Tuesday, March 20, 2012

Sourdough Rye with Raisins

This one comes with tons of photos!

I am actually playing a bit of catch up, I am two breads behind. I spent this past weekend with my dear friend Isaac, who I lived with overseas and we both have a love for bread baking, so of course we baked several breads! The first was a sourdough bread and the second and third were experiments which I will blog about in my next post. Which will be followed by Daniel Leaders 'Best Bagels' which I am baking today.

Isaac and I used Hamelman's formula for Sourdough Rye with Walnuts and Raisins, but we tried a variation which substitutes the 2.4 ounces of toasted walnuts in the formula with raisins. This provides a sweeter finished product. We did not have bread flour, we thought we did, but we did not, so we were forced to use all purpose flour. This did have an impact on the finished breads crumb, but it could have been much much worse. The amount of rye flour in the final dough for this formula is fairly low, so this bread does contain a high amount of white flour (65%). We also did not have a mixer, but Isaac used a new kneading technique that I was not familiar with, to be honest it looks crazy, and since I wanted to share it with you I took a short video clip of Isaac kneading using this crazy method. A lot of my readers have suggested the use of some video, let me know what you think of the video and of the technique. It seemed to work well. I was hoping for more gluten in this bread, but considering the circumstances, I was pleased. 

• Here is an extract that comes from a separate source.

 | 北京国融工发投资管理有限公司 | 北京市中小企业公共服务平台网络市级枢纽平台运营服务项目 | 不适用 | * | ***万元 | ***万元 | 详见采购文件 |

This dough does include a small amount of yeast, and because of this the dough rose considerably during the bulk fermentation. I wish I could have given it a fold during bulk fermentation but we were running a short errand, to pick up Isaacs brand new-used bicycle, which is very styling.

This is the dough right after the mix

When we got back this is what we saw. The dough had more than doubled in volume, I was afraid that this might happen, his kitchen was very warm. 

A photo taken through the container the dough was proofed in

As you can see.....it grew

Isaac was able to take a picture of the shaping process

The boule ready to be proofed

We turned the oven on 460 to preheat the stone.
The bread was shaped into a boule and  received about 45 minutes of proofing time. Once again the dough rose considerably, I wish it rose a little less and got oven spring instead, but you can not win them all.

The finished product had a light but tight crumb, and the raisins did burn on the top of the loaf, but these were easily removed. Although the crumb was not perfect, the crust was magnificent, really crisp and a wonderful dark brown color. 

See, you can make bread even with tight parameters and imperfect conditions. I will give this bread another try later in the year, once i have baked through all of the formulas that I have assigned to my baking list. There are a number of loaves that I would like to come back to. 

Bake on

1 comment :

  1. The video is wonderful! What a treat to get to see a baker in motion.